自从严重急性呼吸系统综合症冠状病毒2(SARS-CoV-2)爆发以来,已经提出了几种解决方案来管理这种疾病。控制这种病毒的最可行选择是生产有效的疫苗。目前大多数SARS-CoV-2疫苗都集中在输注尖峰蛋白上。刺突作为三聚体存在,通过其受体结合域(RBD)与血管紧张素转换酶2(ACE2)受体结合,在感染宿主细胞中起着至关重要的作用。铁蛋白蛋白,一种天然存在的铁储存蛋白,由于其自组装特性,已经引起了疫苗生产的关注,无毒性质,和生物相容性。铁蛋白纳米笼最近已用于开发SARS-CoV-2疫苗接种,不仅引起长期保护性记忆细胞,而且引起持续的抗体应答。在这项研究中,计算机模拟研究的组合,包括分子对接,分子动力学模拟,并进行了免疫模拟,以计算模拟铁蛋白纳米笼上的单体刺突蛋白,并首次评估其稳定性和相互作用。建模复合体的结构动力学表现出明显的稳定性。特别是,单体刺突-铁蛋白复合物内的受体结合结构域(RBD)和铁蛋白显示出显著的稳定性。二级结构缺乏改变进一步支持了复合物的整体稳定性。铁蛋白和尖峰之间距离的下降表明随着时间的推移存在强烈的相互作用。互相关矩阵显示,单体刺突和铁蛋白彼此相向移动,支持刺突和铁蛋白之间的稳定相互作用。Further,铁蛋白单元内单体刺突蛋白的方向促进了关键表位的暴露,特异性向上活性受体结合域(RBD),使与ACE2受体的有效相互作用。该模型的免疫模拟表明,对人体的细胞和体液免疫都有高水平的刺激。还发现,无论不同变体中的突变尖峰如何,所采用的模型都是有效的。这些发现揭示了SARS-CoV-2-铁蛋白纳米颗粒疫苗的现状,并可用作其他类似疫苗设计的框架。

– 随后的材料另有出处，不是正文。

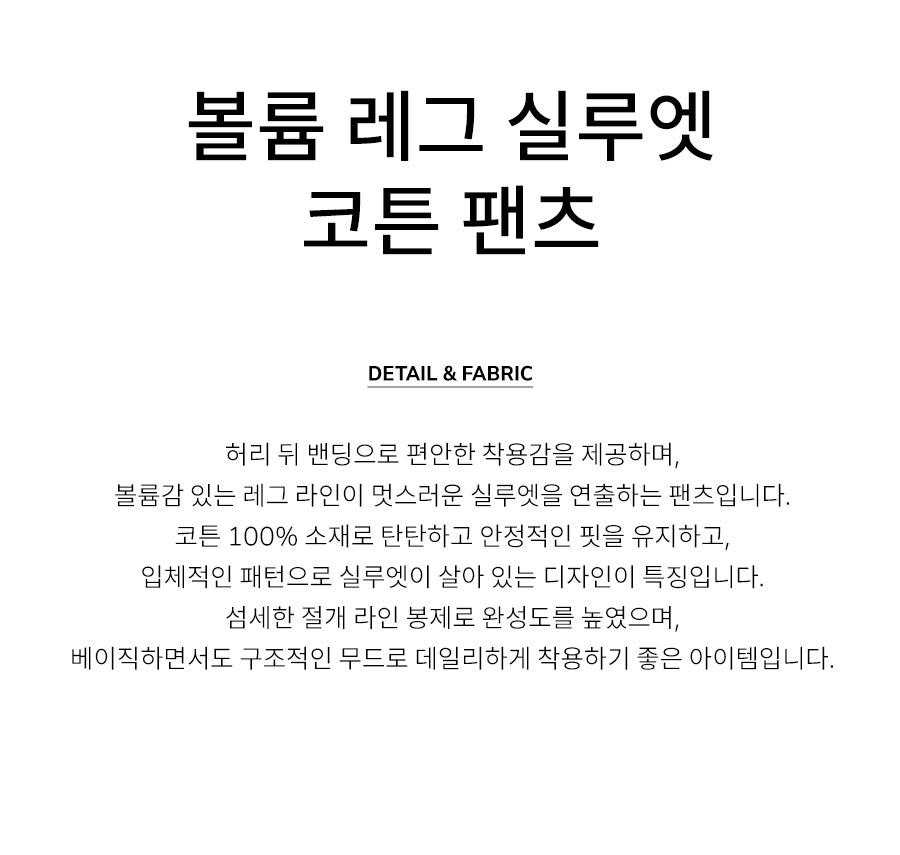 - 볼륨감 있는 레그 라인으로 멋스러운 실루엣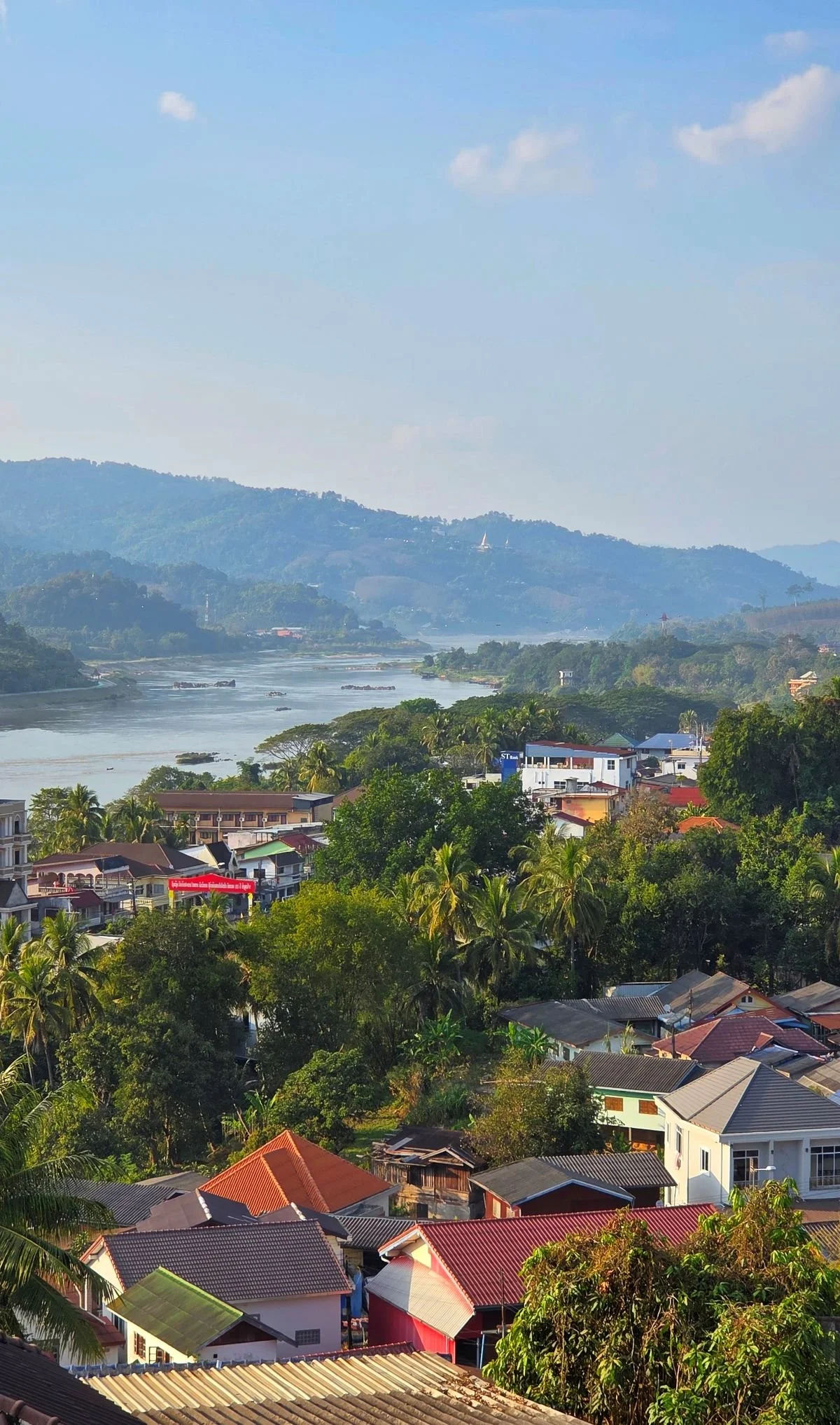 Zum Beine auslockern darf es ein Aufstieg zum Sonnenuntergang sein. Der Sam Nang View Point liefert steile Stufen und Puls, aber die Belastung währt nur 20 Minuten und auf der Plattform steigt der Puls nur wegen des Ausblicks auf das Städtchen am Nam Ou.

Since the Severe Acute Respiratory Syndrome Coronavirus 2 (SARS-CoV-2) outbreak, several solutions have been proposed to manage the disease. The most viable option for controlling this virus is to produce effective vaccines. Most of the current SARS-CoV-2 vaccines have focused on the infusion spike protein. Spike exists as a trimer and plays a vital role in infecting host cells by binding to the Angiotensin-Converting Enzyme 2 (ACE2) receptor through its Receptor Binding Domain (RBD).
Ferritin protein, a naturally occurring iron-storage protein, has gained attention for vaccine production due to its self-assembling property, non-toxic nature, and biocompatibility.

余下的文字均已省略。